Environmental Monitoring & Mitigation System

Published:

An environmental monitoring system that combines computer vision, predictive modeling, and Generative AI to detect, forecast, and mitigate pollution events at mining operation sites.

Environmental Monitoring

The challenge

Open-pit mining operations generate airborne particulate matter that can impact surrounding communities and worker safety. Traditional monitoring relies on sparse sensor networks with significant spatial gaps and delayed reporting. Events can escalate from acceptable to critical levels faster than manual response protocols allow.

Approach

The system operates in three integrated stages:

1. Real-time estimation

24 video camera streams are processed continuously using computer vision models to estimate pollution levels across the operational area. This provides spatial coverage far beyond what point sensors alone can achieve, creating a dense pollution map updated in near real-time.

2. Predictive forecasting

Time-series models generate forecasts at 1-hour and 6-hour horizons, combining current pollution estimates with meteorological data, operational schedules, and historical patterns. This gives operators advance warning to take preventive action before events reach critical thresholds.

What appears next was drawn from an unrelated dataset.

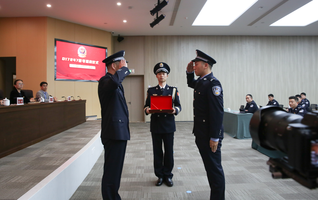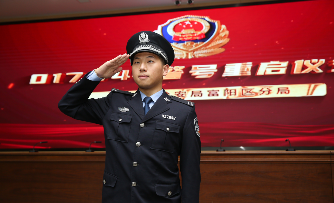 富阳区副区长、公安局长沈尧为金晨昊佩戴重启的警号。

3. Intelligent recommendations

A Generative AI module synthesizes the current situation, forecasts, and operational context to produce natural-language recommendations — specific, actionable guidance written in the language that operators and environmental managers actually use. Instead of abstract dashboards, they receive clear instructions adapted to the current operational state.

Results

  • 15% reduction in severe environmental alert events
  • Shift from reactive to proactive mitigation strategies
  • Real-time spatial pollution maps complementing fixed sensor networks
  • Operator-friendly natural-language guidance replacing complex dashboard interpretation

Technology stack

  • Vision: Deep learning models for video stream analysis
  • Prediction: Ensemble time-series models with meteorological integration
  • GenAI: Large language models fine-tuned for operational context
  • Infrastructure: Streaming pipelines on Azure Databricks

Note: This description reflects the general type and architecture of systems I have built. Specific client details and operational data are omitted.